Wrong output from Cuda `vision.multibox_transform_loc`

vision.multibox_transform_loc run on Cuda give wrong output .

def multibox_transform_loc(
    cls_prob, loc_pred, anchor, clip=True, threshold=0.01, variances=(0.1, 0.1, 0.2, 0.2)
)

vision.multibox_transform_loc output

  1. wrong ---- cls_prob is GPU output, loc_pred is const expr .
  2. wrong ---- cls_prob is GPU output, loc_pred is GPU output .
  3. correct ---- cls_prob is const expr, loc_pred is const expr .

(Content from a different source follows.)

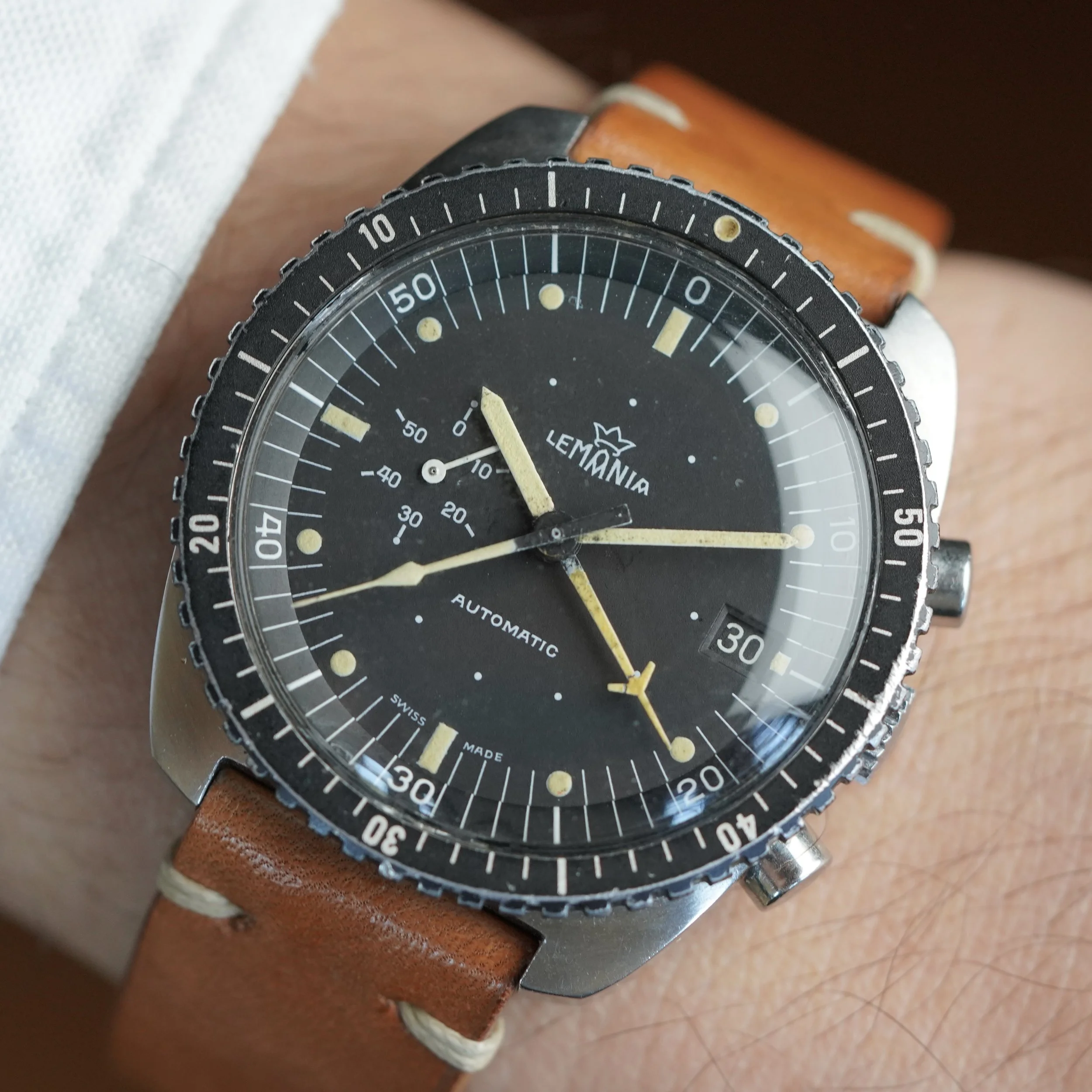 The Lemania 5012 SAAF (South African Air Force) is a very cool and rare model. These watches were issued in the 1980s and it is estimated that 800 examples were sent to the SAAF. The watch is powered by the Lemania calibre 5012 automatic chronograph. The case measures 41mm in diameter. The case appears to be lightly polished.

Gpu output and Data dump(from caffe blobs) diff:

  1. cls_prob ------ mbox_conf_softmax 1.9020114e-06
  2. loc_pred ------ mbox_loc 4.2561445e-05

Shapes

  1. cls_prob ------ (1, 2, 7650)
  2. loc_pred ------ (1, 30600)

Three output above line 5587 is same. On image 3 (correct output) below line 5587 values is extramly small.

Any suggestions would be greatly appreciated!

This repo can reproduce the bug on tvm repo commit 4c77bae772ad68f3dc4dda009384cb65af9dfaec

How do you run these three tests? Are the CUDA kernel for multibox_transform_loc the same?

This repo can reproduce the bug on tvm repo commit 4c77bae772ad68f3dc4dda009384cb65af9dfaec

@vinx13

Exact same CUDA kernel

Thanks. I haven’t found exact reason, but seems this is related to some optimization pass. Setting opt_level=0 can produce correct result.

Thanks for test this problem. I’m not familar with Cuda, try to learn something to understand what’s going wrong.